Facebook announced last week that by 2017, its success in advertising will reach its ad limit on desktop and its mobile apps. So the next logical step: intrude on the already crowded television adverting space. How? By extending mobile video ads on its Audience Network onto OTT devices like Apple TV and Roku.
Facebook generated $1.7 billion in ad revenue last year because of it’s targeting capabilities. But big brands like P&G still see TV advertising as the most effective medium for reaching a large swath of audiences. They doesn’t always mean TV watchers want to see all the ads. As cord-cutting increases along with ad blocking, and more networks diversify the way they deliver content, the pursuit of addressable advertising may finally arrive to TV by way of digital means, not cable. But the story is long from over. Set-top box makers like Apple also want a piece of the advertising pie, and those negotiations have a ways to go.
A+E, one of two networks (Tubi TV being the other) partnering with Facebook on the new Audience ad voyage, told Recode, “The OTT/CTV space is expanding rapidly amongst content viewers, however the targetability for marketers and programmers alike is lagging behind. The Facebook project is the type of progressive thinking to which A+E Networks is incredibly committed.”
In Other Live Streaming News...
Netflix Set to Go Offline
Chief Content Officer Ted Sarandos stated a potential change in their content access policy, in at least some countries where broadband speeds are lagging (although some parts of the states could qualify as well). Mainly: enabling users to download contact versus streaming-only, especially since Amazon offers offline access for their Prime Video catalog. A competitor that's expected to continue expanding internationally in the way that Netflix did earlier this year. "Investors should hope he's serious," stated Investopedia.
"In those countries they have adapted their behaviors to be much more of a downloading culture. So in those emerging territories, [offline access] starts to become a little more interesting," Sarandos told CNBC.
Live.ly is Proving That Short-Form Video is Far From Dead and Is Making Money
“When I go live on Facebook, it’s like 700 people.

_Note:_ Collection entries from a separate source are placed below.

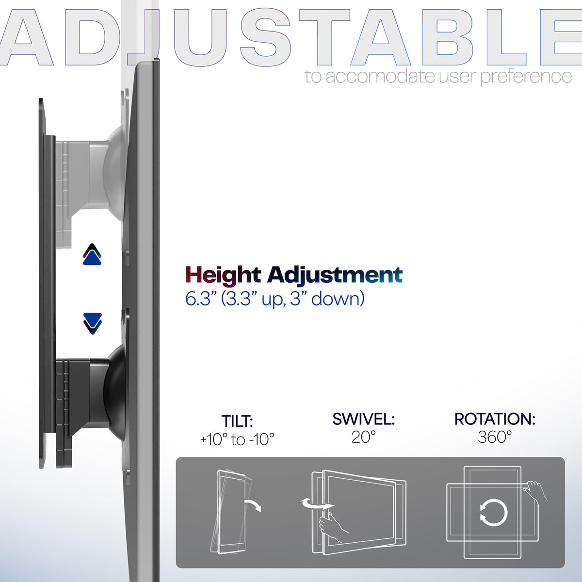 Fits 17� to 32� Screens- Single monitor wall mount fitting 17� to 32� screens weighing up to 8.0kg with VESA 75x75mm or 100x100mm hole patterns. Mounts to wood studs or drywall and creates a clean, ergonomic display. Please Note: Hardware for monitors with curved or recessed backs is not included. | Simple Height Adjustment - Change your monitor's height in an instant with the sliding mechanism. To raise the monitor, move it up until the latch engages at the desired height. To lower again, raise it all the way up, and then slowly slide it down to the desired position. | Smooth Articulation - Enjoy ergonomic viewing angles that increase comfort and reduce glares with +10� to -10� tilt, 20� swivel, 360� rotation, and 16.0cm of height adjustment (8.4cm up and 7.6cm down from center). Your monitor can be placed in portrait or landscape orientation. | Low Profile - Sits only 5.1cm from the wall for a space-saving, low profile setup. This keeps your monitor out of harm's way and increases the distance between you and your screen. | We've Got You Covered - Sturdy steel design is backed with a 3 Year Manufacturer Warranty and friendly tech support to help with any questions or concerns.
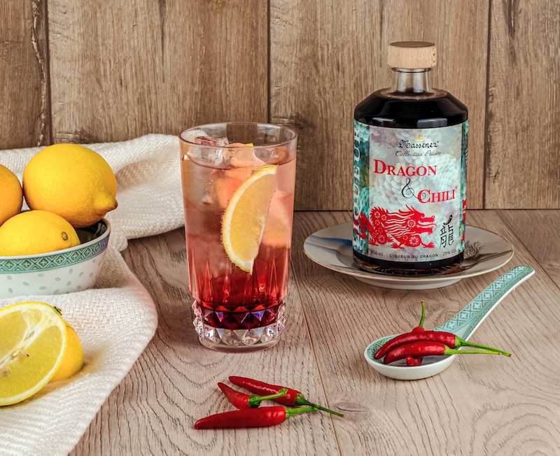 La liqueur Dragon&Chili® se prête volontiers aux cocktails et Pierre Boueri, mixologiste de la Distillerie Massenez depuis les années 2000 en a partagé 3 avec nous. Faciles à réaliser, Ils révélent toutes les subtilités de cette nouvelle liqueur étonnante.
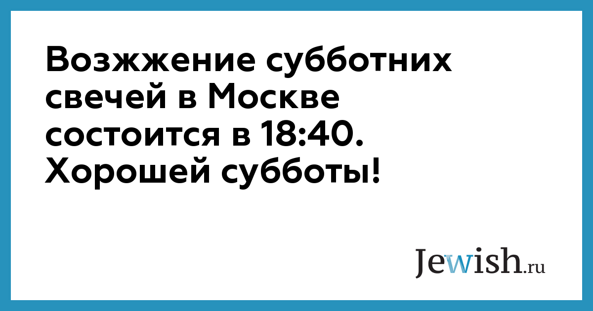 Возжжение субботних свечей в Москве состоится в 18:40. Хорошей субботы!
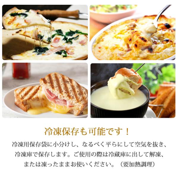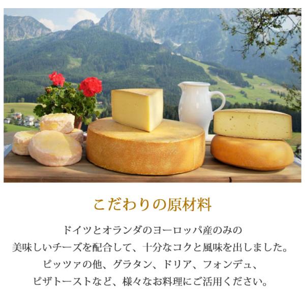 ドイツとオランダのヨーロッパ産のみの美味しいチーズを配合して十分なコクと風味を出しました。ピッツァの他、グラタン、ドリア、フォンデュ、ピザトーストなど、様々なお料理にご活用ください。
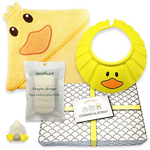 Gentle Care – Baby Shower Bath Gift Set - Soft 100% Cotton Hooded Bath Towel + Natural, Hypo-allergenic Konjac Sponge + Adjustable Foam Shampoo...
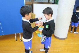 写真ギャラリー コマ回し大会に向けて~青組~ 2024年1月19日(金) いよいよ来週の金曜日はコマ回し大会です。コツをつかんで回せるようになった子も増えてきて、キノコ回しや股抜き投げなど、新しい技にチャレンジしています。また、友だち同士お互いにアドバイスし合ったりする微笑ましい姿も見られます。今日はコマを持って帰っているので、この週末、お家でも取り組んでみてくださいね。 もどる
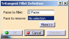removal of one of the three faces selected. This task shows how to create a tritangent fillet. |
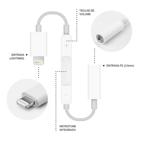 você consegue conectar seu aparelho, através do conector de áudio de 3,5mm, a qualquer dispositivo com entrada de Lightning
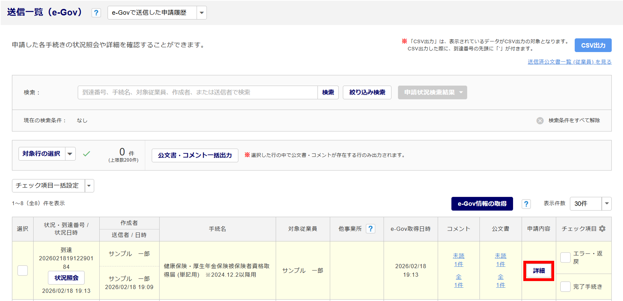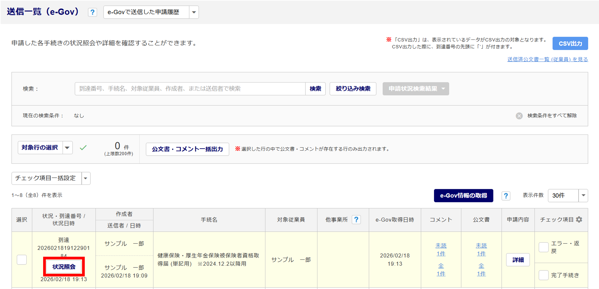 [送信一覧]>[e-Gov]もしくは[マイナポータル]をクリックします。

I have never seen a live streaming platform where you can get 100,000 people watching at once,” YouTube star Bart Baker told Variety about his stardom on live streaming app, Live.ly. It’s not just thousands of viewers that Live.ly attracts for content makers, it’s thousands of dollars people like Baker are making through fan donations, from $.05 to $50 a pop, with Baker himself earning upwards of $30,000 to date from his 3.3 million viewers.
Ariana Grande, Selena Gomez, and Gwen Stefani are also on Live.ly, adding power to the viablity of the platform. Although according to Variety, "It’s possible the excitement over Musical.ly and Live.ly will wear off or that the platform will fail to grow beyond its core base of teen and young-adult females."
China’s Internet Regulators Release Controversial New Rules on Live Streaming
The Cyberspace Administration of China (CAC) has targeted the country’s live streaming industry with new restrictions on content it considers to be “threatening to social order or the country's security faces punishment,” according to CNBC.
The focus is on user-generated live streaming content where “younger Chinese population were being exposed to damaging activity such as pornography and terrorism.” At the same time, critics see the new rules going into effect in December will favor established live streaming entities, ones which have a history of cooperating with the government, while making things more difficult for smaller companies to compete.